The hasty passage of the 1986 Act and the lack of any supportable rationale for the 100:1 crack-to-powder ratio in that Act or the Sentencing Guidelines promulgated pursuant to it mandate a searching inquiry to see whether there is a more supportable basis for the "new" 18:1 ratio in the 2010 FSA and the November 1, 2010, "emergency" amendments to the United States Sentencing Guidelines that followed. Thus, I turn next to an examination of the legislative history of the 2010 FSA and the rationale for the amendments to the Sentencing Guidelines in response to that Act.
I cannot say that, after a quarter century of experience with the 100:1 ratio, Congress has "rushed" to pass the "new" 18:1 ratio. What I can say is that the "new" 18:1 ratio, like the old 100:1 ratio, was ultimately the result of political expediency, not Congress's usual deliberative process.
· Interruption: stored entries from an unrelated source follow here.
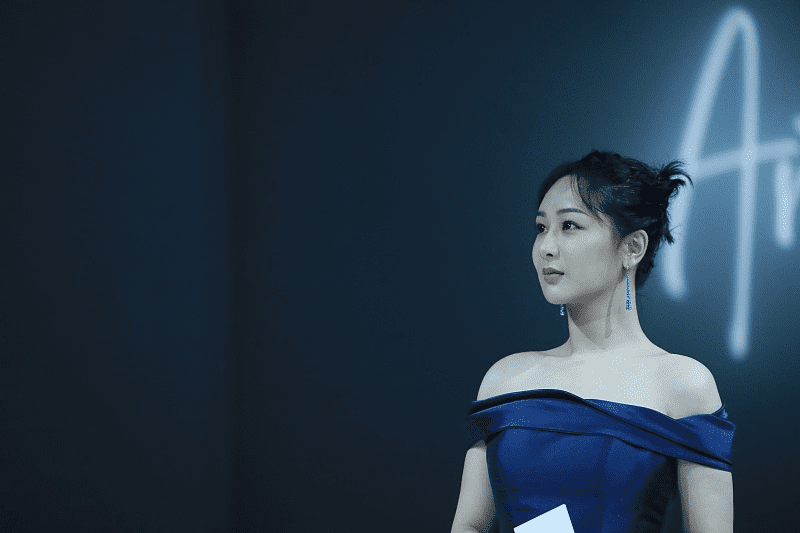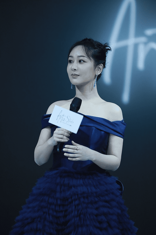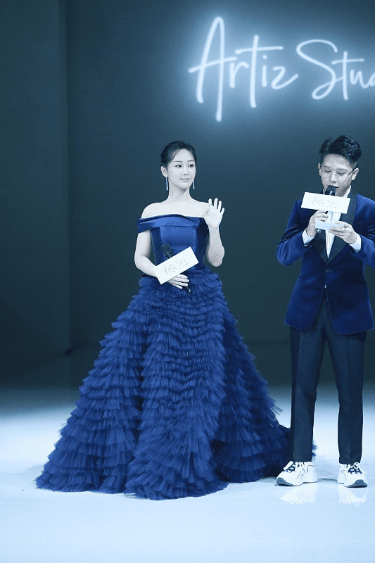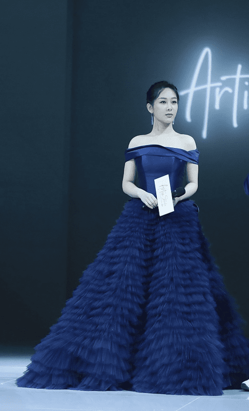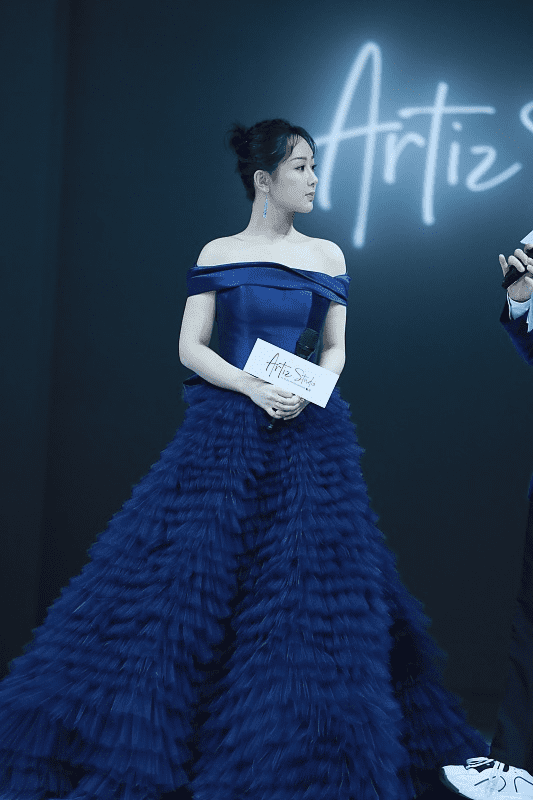而且深蓝色也是很有魅力的色彩,体现出端庄大气美,不过92年的杨紫年纪真不大,但把自己打扮得老了,好在气质不错能撑住,让服装变得更好看。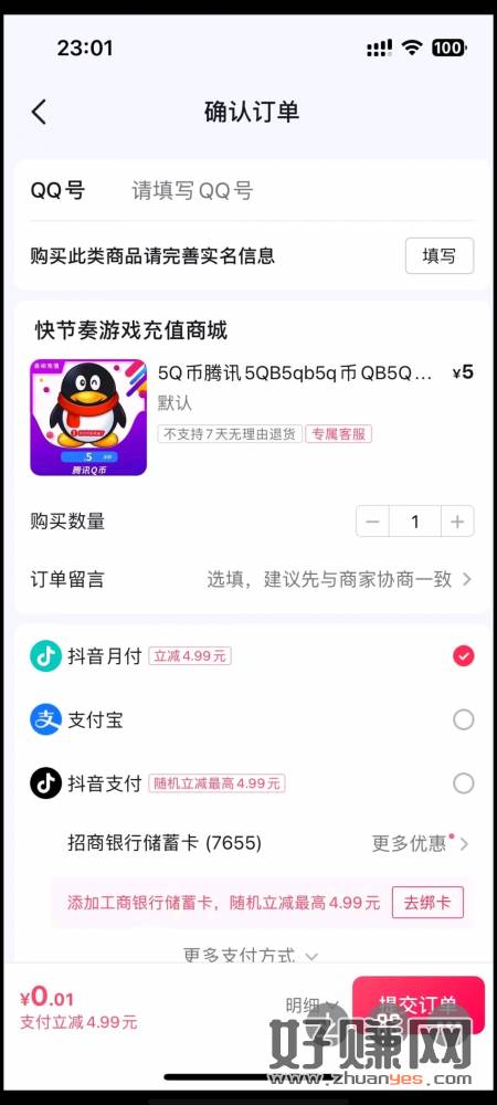 抖音商城 搜快节奏游戏充值商城 充5Q币 选抖音月付绑卡减4.99R 支付0.01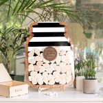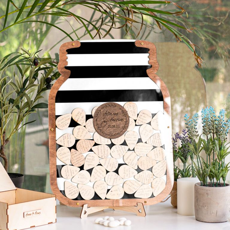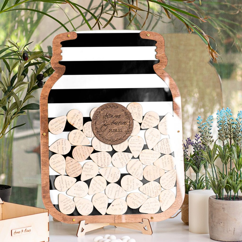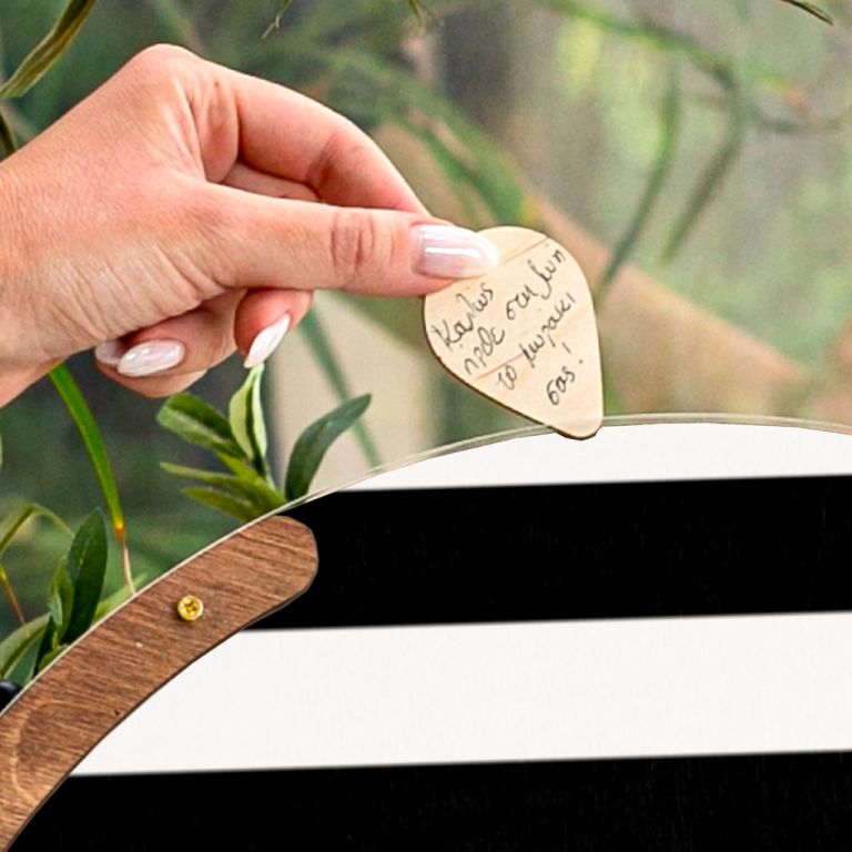Κρατήστε τις ευχές των αγαπημένων σας με τον πιο πρωτότυπο τρόπο. Η ξύλινη κατασκευή λειτουργεί όπως ένας <<κουμπαράς>>. Προσωποποιήστε το ευχολόγιο με το ονόματά σας & την ημερομηνία του μυστηρίου.

Cf. 2002 Report at 5 ("Congress
As the Federal Defender contends, before the 2010 FSA was passed, the Sentencing Commission advocated for drastic reductions in the crack-to-powder ratio; the Department of Justice urged that the crack/powder disparity be completely eliminated; the House Judiciary Committee originally voted to send to the full House a version of the bill that would have enacted a 1:1 crack-to-powder ratio; and the Senate Judiciary Committee also initially proceeded with a bill using a 1:1 ratio; but the Senate Judicial Committee soon realized that it could not garner enough votes to eliminate the disparity in its entirety, and sent to the floor of the Senate a compromise bill with the 18:1 ratio. After the full Senate passed its version of the bill, the House also ultimately compromised by passing the Senate version. I now recount the positions of interested parties, the Department of Justice and the Sentencing Commission, at the start of the political process that ultimately led to the 2010 FSA, the legislative history of the Act, and the Commission's response.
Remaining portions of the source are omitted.